Abstract

A 54-year-old man presenting with acute onset dyspnea on exertion in the absence of leukocytosis was found with global hypokinesis and 20%-25% EF on echocardiogram, consistent with systolic and diastolic heart failure. No evidence of obstructive CAD to support ischemic etiology was noted on catheterization. Microscopy of peripheral blood identified a population of medium to large lymphocytes with high nuclear/cytoplasmic ratios and convoluted, irregular nuclei. Flow cytometry showed a γδ T-cell population brightly expressing CD45 with intermediate forward and side scatter, CD2, CD3, and CD5 expression with loss of CD7, negative CD4 and CD8, upregulated CD57, and negativity of CD10, CD25, CD30, and CD56. A γδ T-cell lymphoproliferative disorder involving peripheral blood was suspected. Three main types include γδ T-cell large granular lymphocyte leukemia (T-LGL), which is indolent, whereas hepatosplenic γδ T-cell lymphoma (HSTCL) and mucocutaneous γδ T-cell lymphoma are aggressive. CD57 expression is specific for γδ T-cell LGL over the aggressive entities, which could suggest an indolent course; however, morphologic characteristics of γδT-cells differ from LGLs and are more suggestive of a lymphoma. Thoracentesis, liver and bone marrow biopsies found a γδ T-cell population identical to those in peripheral blood. A perisinusoidal and periportal pattern of liver involvement argued against HSTCL in which purely intrasinusoidal growth is typical. Expression of D5+, CD7–, CD56–, CD57+, TIA–, granzyme negative, and perforin-negative contrasts with that typical of HSTCL (CD5–, CD7+, CD56+, CD57–, TIA+, granzyme negative, and perforin negative).
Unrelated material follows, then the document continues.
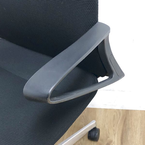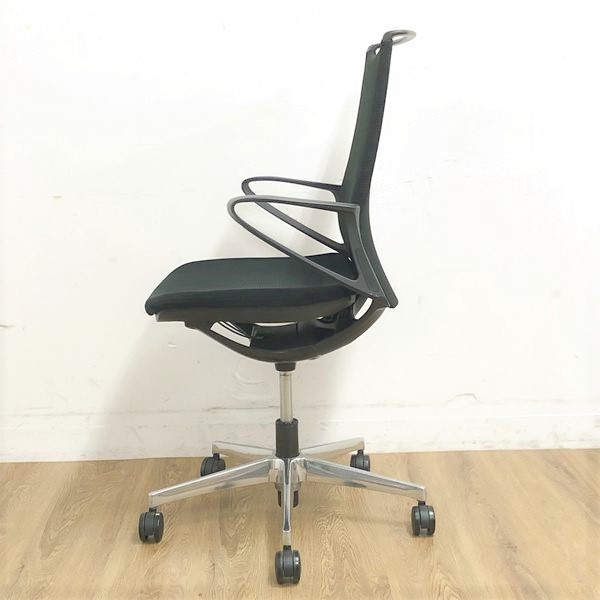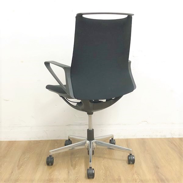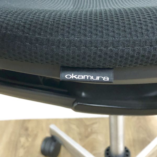 【在庫入替セール】オカムラ モード デザインアーム搭載 ミドルバック ブラック×アルミ脚 張地:クロス(プレーン) 高いデザイン性×シンプルかつ操作性のある機能

Also, HSTCL cases usually demonstrate isochromosome 7q, which was not seen in the patient’s lymphoma despite a complex karyotype. Following a rapidly fatal course, autopsy found virtually all body sites except the central nervous system were diffusely involved by γδ T-cell lymphoma of a rare immunophenotype not previously described. Infiltration of cardiac muscle provides a potential underlying etiology for the presenting symptoms of heart failure.